Mit dieser Methode lassen sich sehr schnell defekte Kondensatoren in einer Schaltung finden ohne dass sie ausgelötet werden müssen.

Vorsicht "Explosionsgefahr"!

Kurzzeitig mit Spannung überlastete Kondensatoren können an einer „Beule“ auf der Stirn- bzw. Oberseite erkannt werden. Durch den zu hohen Druck im Inneren des Kondensators wurden die „Sollbruchstellen“ schon geöffnet, wie in der Abbildung unten links zu erkennen ist.

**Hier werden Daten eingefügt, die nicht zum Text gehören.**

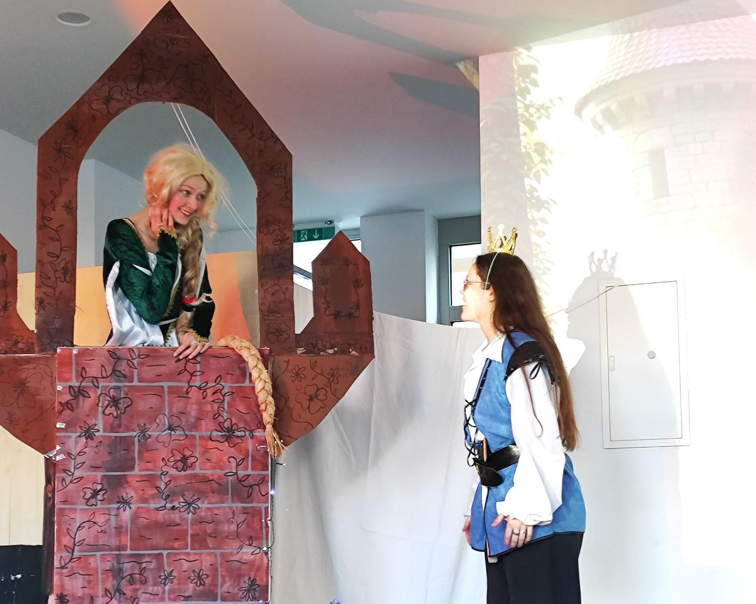 Danach teilten sich die Schüler:innen auf drei Märchen auf: Zur Auswahl standen Alice im Wunderland, Rapunzel sowie Hänsel und Gretel. Von Montag bis einschließlich Mittwoch arbeiteten die Gruppen an der Erstellung eines Skripts, der Rollenverteilung, der Gestaltung des Bühnenbildes mit Requisiten, der Kostümkreation und an intensiven Proben. Frau Tänzer sowie Schüler:innen, die als Märchenpat:innen fungierten, unterstützten die Gruppen dabei.
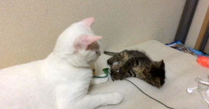 白色貓咪本來會一直逗小隻的,但當開始地震時,大隻的反應讓我太感動了!
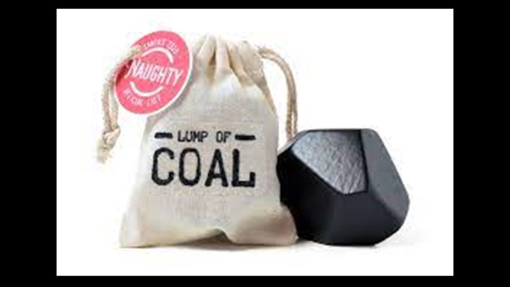 I will speculate that receiving a lump of coal at Christmas for being naughty may be misrepresenting the importance of coal and what it stands for.
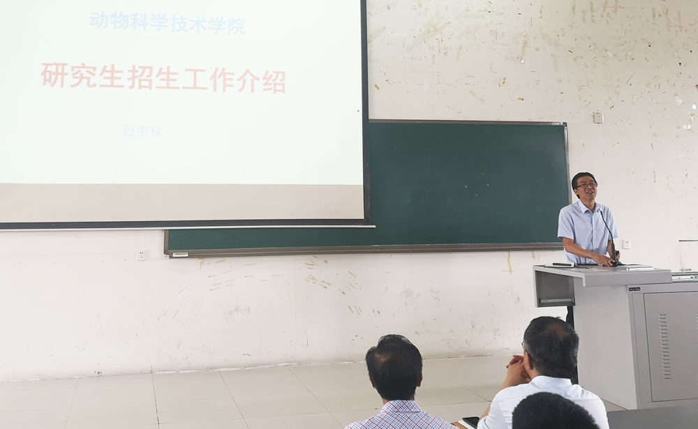 随后,赵中权做了考研、保研培训指导。他首先介绍了本科推免研究生的条件要求、报名程序、资格审查和录取接收等内容。紧接着以动物科学专业学生考研为例,从学院基本情况、学科平台、团队建设及研究生招生等四个方面以长者、导师、领导的身份进行语重心长的亲切交流,就考研院校、学科方向、学业导师选择等方面给出建议,从学院硕士研究生招生录取角度给学生详细讲解了统考硕士研究生招生流程及注意事项。
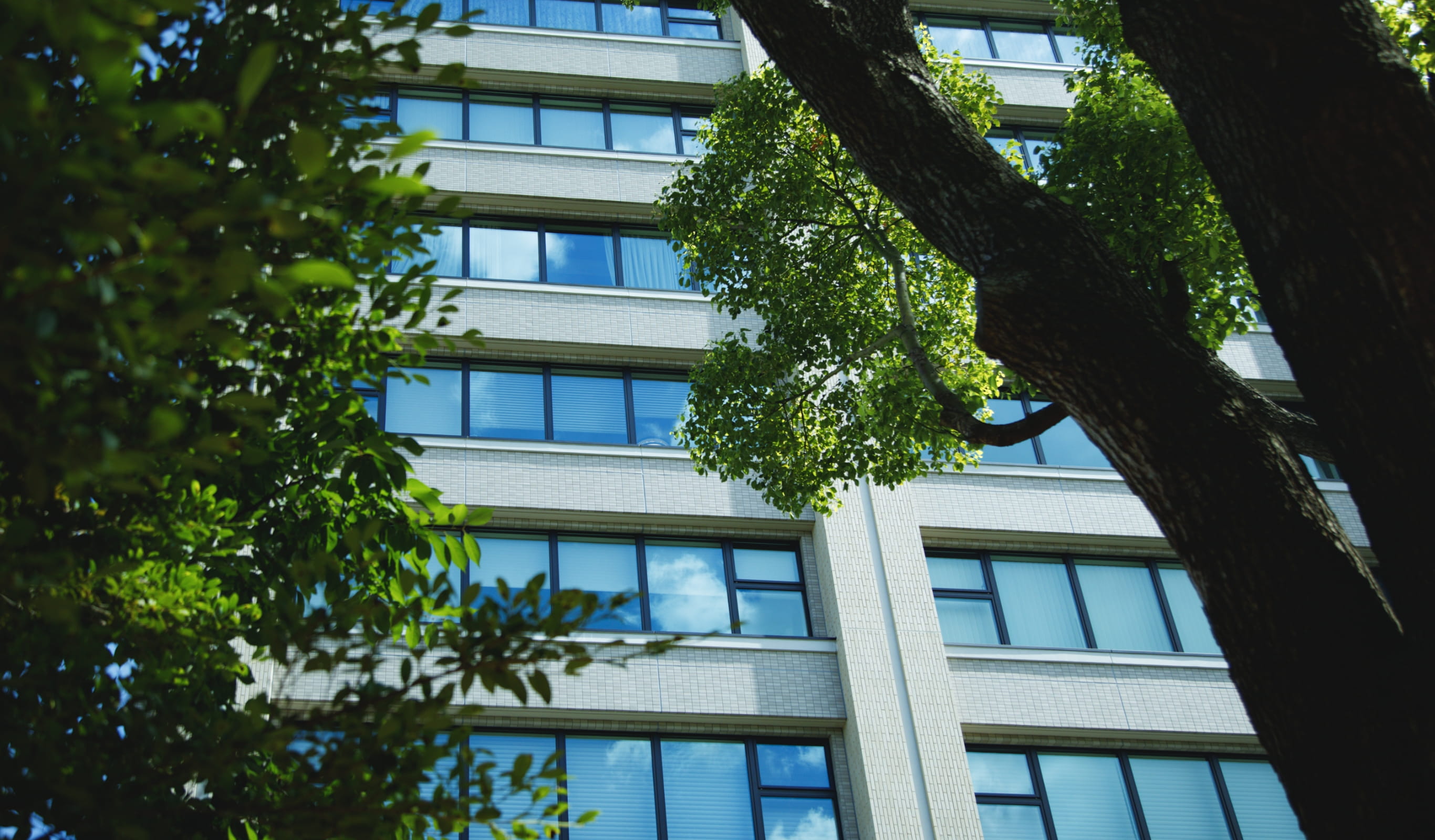 長堀通りを挟んで南の清水谷町にある「グランドメゾン清水谷オーナーズハウス」もまた、南側に広がる清水谷公園の植生が存分に眺められる三方角地という好立地にある。設計を担当した積水ハウスの大阪マンション事業部設計室の前田孝二朗さんは、このエリアの長い歴史が育んできた特有の地形を大きく活用することを心がけたという。

Schaltnetzteile wie sie z.B. im Fernseher, Videorecorder, Monitore, DVD-Player, Notebook-Netzteile und Computernetzteilen verbaut sind fallen sehr häufig aufgrund eines defekten Kondensators im Schaltnetzteil aus. Stehen diese Geräte an schlecht belüfteten Stellen (wie z.B. in einem Schrank) kann es zu einem Wärmestau kommen und die Kondensatoren in ihrer Lebensdauer drastisch einschränken.

 

Vor nicht allzu langer Zeit hat versagte das Steckernetzteil meines Routers. Nach dem Öffnen des Netzteils war optisch kein Schaden zu erkennen. Schon bald stellte sich beim Messen mit dem ESR-Meter heraus, dass am Kondensator mit 4,7µF, ein verdächtig hoher ESR-Wert zu messen war. Nach dem Austausch des Bauteils gegen ein neues, lief das Netzteil wieder einwandfrei.

 

Fällt ein Kondensator in einem elektronischen System aus, kann das weitere Schäden im entsprechenden Schaltkreis nach sich ziehen. Überlastete und defekte Halbleiter (Transistoren) sind die Folge.

 

Abschließen bemerkt, Folienkondensatoren und Wickelkondensatoren (trockene Kondensatoren) unterliegen fast keiner Alterung und sind weniger ausfallträchtig als Elkos. Selbst bei häufigen Überspannungen, sie können sich meistens selbst heilen, dauert es sehr lange bis sie ausfallen.


Beispiel hierfür ist ein fast 70 Jahre alter Kondensator aus einem Röhrengerät. Die Nennwerte waren heute noch bis auf ein Prozent genau!